De mondige Özlem trok onmiddellijk aan de bel bij voorzitter Hans de Boer van de Taskforce Jeugdwerkloosheid, een werkgroep die de ministeries van Sociale Zaken en Onderwijs twee jaar geleden oprichtten om voor het einde van de huidige kabinetsperiode 40.000 extra banen voor jongeren te scheppen. De Boer: „Of die jongeren nu wit, geel of zwart zijn maakt me niks uit. Özlems klacht vroeg om actie. Want behalve tot discriminatie leidt dit ook tot economische verspilling.”

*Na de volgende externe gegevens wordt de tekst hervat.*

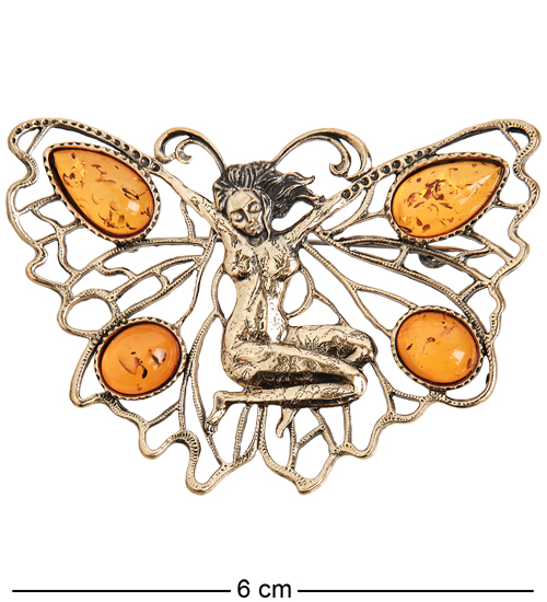 AM-1655 Брошь «Бабочка Спящая фея» (латунь, янтарь)

De Boer liet het voorbeeld van de benadeelde Turkse eens vallen in een gesprek met zijn „goede vriend” Martin van Pernis, bestuursvoorzitter van Siemens Nederland. Het duo was het al snel eens en startte samen de actie ”Adopteer een CV” om hoogopgeleide allochtone jongeren met bedrijven in contact te brengen. Tijdens een luxe zakendiner bij Siemens vroeg Van Pernis zijn aanwezige relaties die belangstelling hadden voor een „hoogopgeleide allochtoon” hun visitekaartje achter te laten. Het bleek een succes. Van Pernis: „Van de 300 aanwezigen dropten er 142 hun kaartje.”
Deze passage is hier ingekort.